Color & Control:

First phone:

Timing, rules, and safety

By Jessie Forbes

The age in which your youngster should be given their own phone is becoming a  topic of debate as digital devices become more of an everyday tool. Regardless of peer pressure, what’s is important to keep in mind, your  child’s needs, abilities and lifestyle.

Consider the pros and cons…
Cellular devices can be incredible resources as well as safety tools but they can also be used to connect with or participate in activities that could be inappropriate and or unsafe.


• Find me: With internal tracking devices and location settings parents now have the ability to trace their child or teen in an emergency.

• Talk to me: Cell phones can be a means of communication between parents and children while they are at school, playdates, and activities.

• Teach me: Directions and assignments are often given usually given online nowadays. Cell Phones and their connection to the Internet  can help a youngster navigate, look up information and provide learning supports such as math help, music lessons, or fast facts.  


• Distract me: Too much screen time, browsing the wrong sites and having conversations with strangers may  expose kids to unnecessary risks or content that is manipulative or harmful. 

• Keep me Safe: Along with mental health issues that stem from online use, phone access to social media can also subject naive children to online predators and cat-fishers. 

• Of note: Law enforcement experts have stated that over 50% of the victims of sexual exploitation online are between the ages of 12 and 15. 

Beware: Online grooming 

A very common way predators can use popular social media platforms available on youngsters’ cell phones to communicate with them. Simply put: adults will secure a child’s trust with fake photos to create a false online identity. They complement them, send gifts and pretend to share interests. 

What you can do
1) Set boundaries: Be first to offer guidelines as to when, where and how the phone is used: Have a discussion with your child so they understand your concerns and feel comfortable.

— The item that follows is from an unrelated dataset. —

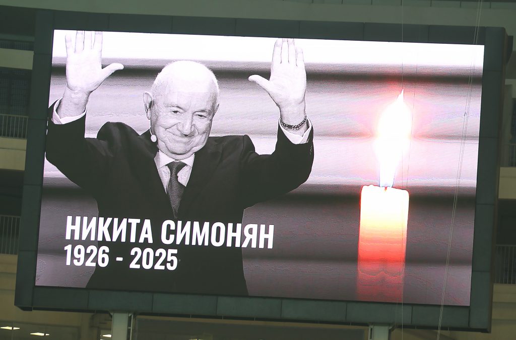 После выхода команд на поле объявили минуту молчания в память о легендарном футболисте Никите Павловиче Симоняне.

2) Setting nighttime reminders: Some phones have a setting where all apps will close down at a certain time that can only be turned on again by a parent from their phone.. 

3) Block some things: Just because your child has a phone, doesn’t mean access to everything. Consider blocking some social media apps on your child’s phone that you’re worried about

4) Find a data plan that fits your comfort zone: whether this means finding one with a limited amount of data or a plan that is limited to texting and calling only.